# The problem
Images excluded, reproduce each line of the records exactly as it stands.

# Dataset excerpts
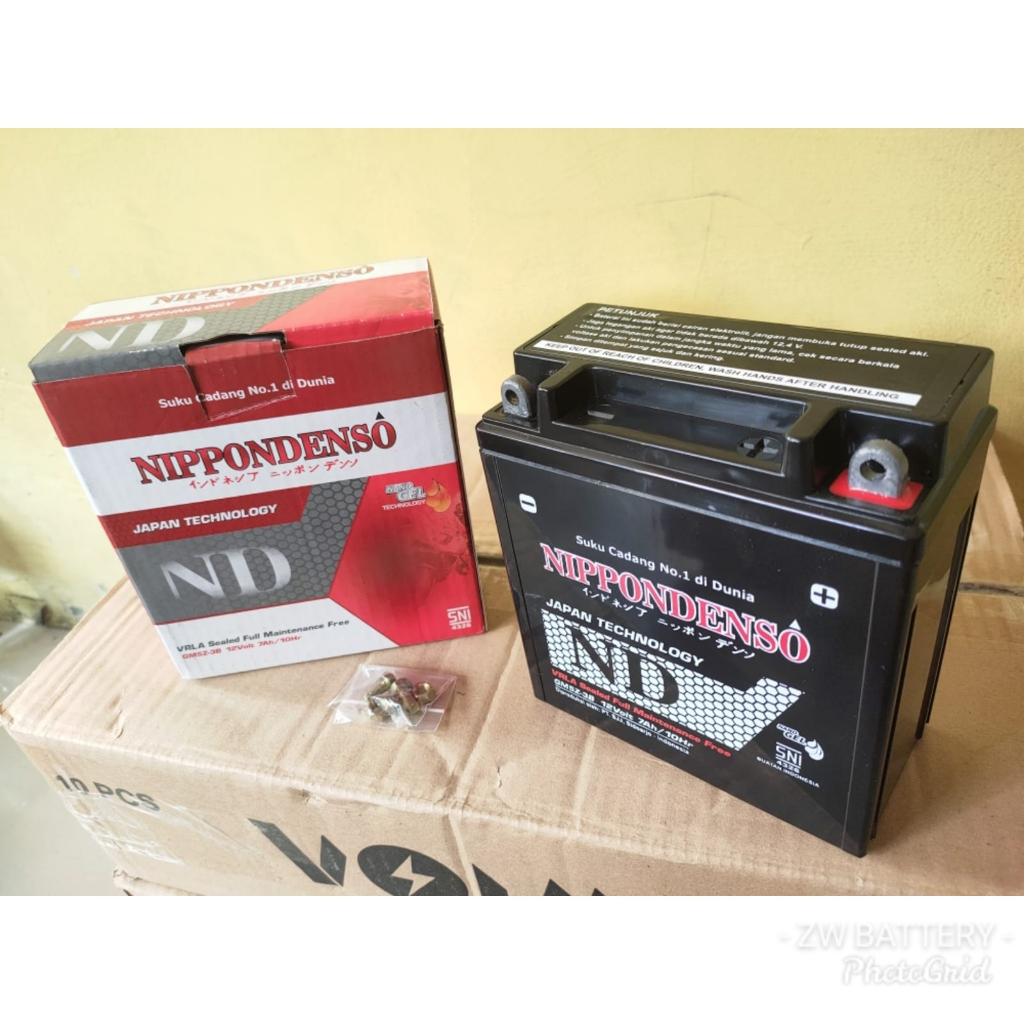 AKI MOTOR ORIGINAL NIPPONDENSO GM5Z-3B / GT6A / YT7C / YB5L-B / MTX5AL AKI GEL SIAP PAKAI, KAPASITAS 12 VOLT 7 AMPERE UKURAN SAMA DENGAN BAWAAN MOTOR ANDA, GARANSI 1 BULAN!!
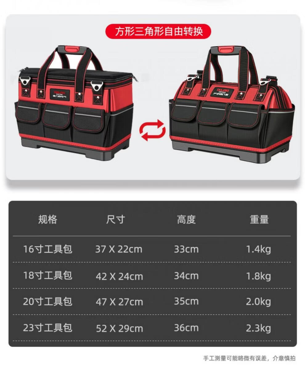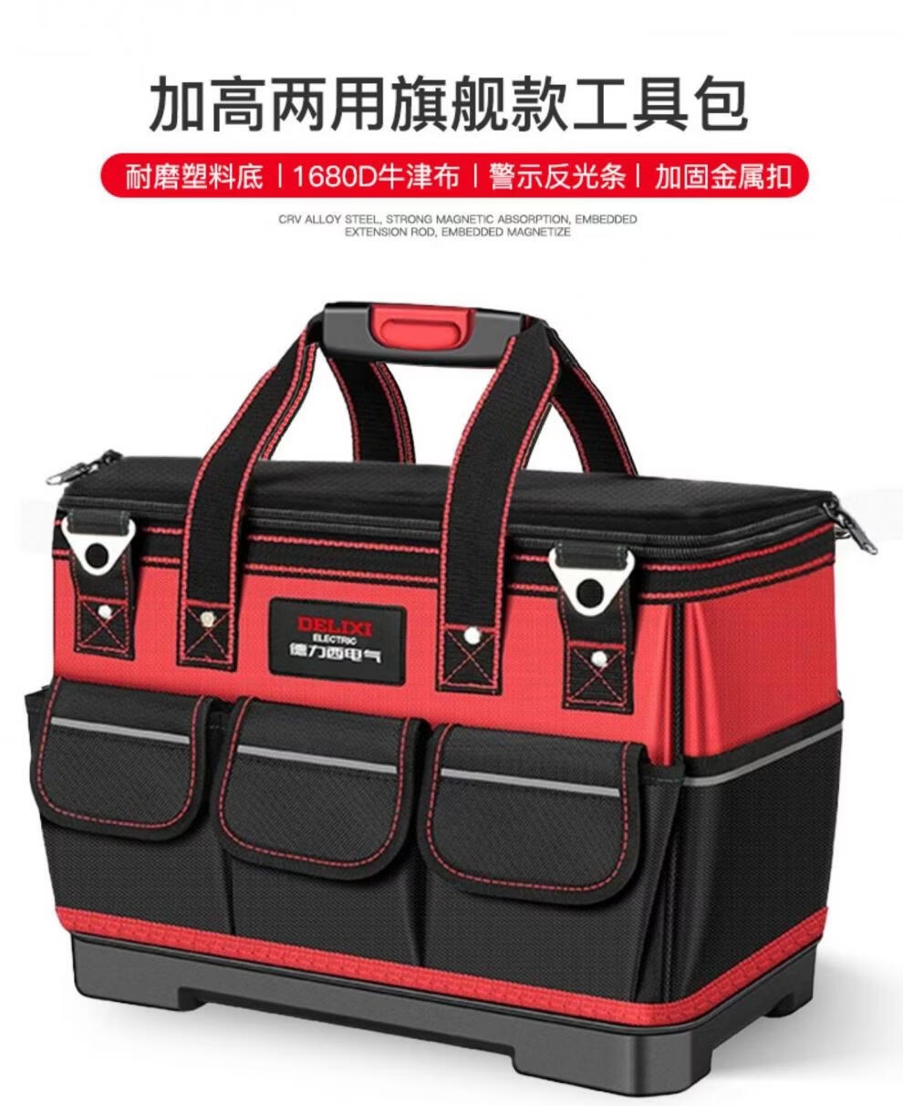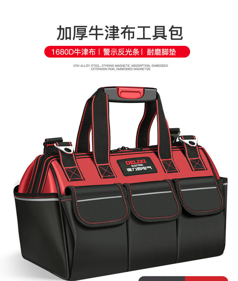 DELIXI ELECTRIC Tool Bag, Strong and Durable Canvas Multifunctional Portable Storage Bag for Electrician Hardware Box, 16-inch Classic Style - Extra Thick Fabric, Oxford Cloth + Waterproof Layer
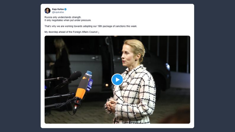 Il vicepresidente della Commissione europea, Kaja Kallas, ha dichiarato su X: «La Russia comprende solo la forza. Negozia solo quando è sotto pressione». La Kallas ha poi conlcuso: «Per questo stiamo lavorando per adottare il nostro diciannovesimo pacchetto di sanzioni entro questa settimana. La mia dichiarazione prima del Consiglio Affari Esteri».
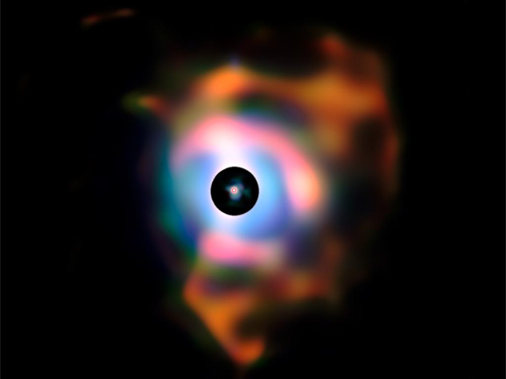 Stars come in different colours and sizes. This new picture shows the famous Red Giant star called Betelgeuse (you say the name as “Beetle-Juice”). The star looks small in the picture – just a little red circle at the centre. But Betelgeuse is actually huge: If you replaced the Sun in our Solar System with this star, it is so wide that it would reach as far as the planet Jupiter!
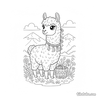 Flauschiges Lama mit Bändern auf einer Bergwiese
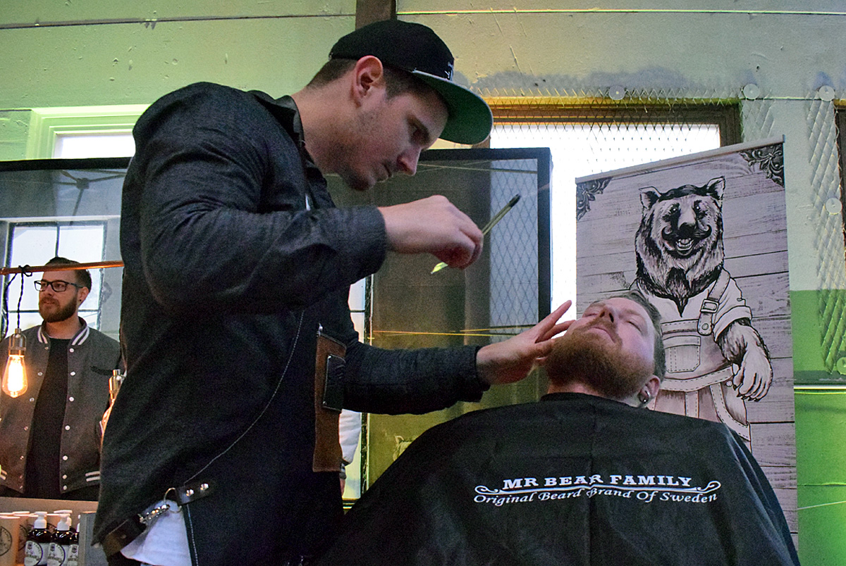 Skäggtrimning var en av möjligheterna under måndagen hos Beerbliotek. Axel Hagman tog chansen.

# Solution
 AKI MOTOR ORIGINAL NIPPONDENSO GM5Z-3B / GT6A / YT7C / YB5L-B / MTX5AL AKI GEL SIAP PAKAI, KAPASITAS 12 VOLT 7 AMPERE UKURAN SAMA DENGAN BAWAAN MOTOR ANDA, GARANSI 1 BULAN!!
 DELIXI ELECTRIC Tool Bag, Strong and Durable Canvas Multifunctional Portable Storage Bag for Electrician Hardware Box, 16-inch Classic Style - Extra Thick Fabric, Oxford Cloth + Waterproof Layer
 Il vicepresidente della Commissione europea, Kaja Kallas, ha dichiarato su X: «La Russia comprende solo la forza. Negozia solo quando è sotto pressione». La Kallas ha poi conlcuso: «Per questo stiamo lavorando per adottare il nostro diciannovesimo pacchetto di sanzioni entro questa settimana. La mia dichiarazione prima del Consiglio Affari Esteri».
 Stars come in different colours and sizes. This new picture shows the famous Red Giant star called Betelgeuse (you say the name as “Beetle-Juice”). The star looks small in the picture – just a little red circle at the centre. But Betelgeuse is actually huge: If you replaced the Sun in our Solar System with this star, it is so wide that it would reach as far as the planet Jupiter!
 Flauschiges Lama mit Bändern auf einer Bergwiese
 Skäggtrimning var en av möjligheterna under måndagen hos Beerbliotek. Axel Hagman tog chansen.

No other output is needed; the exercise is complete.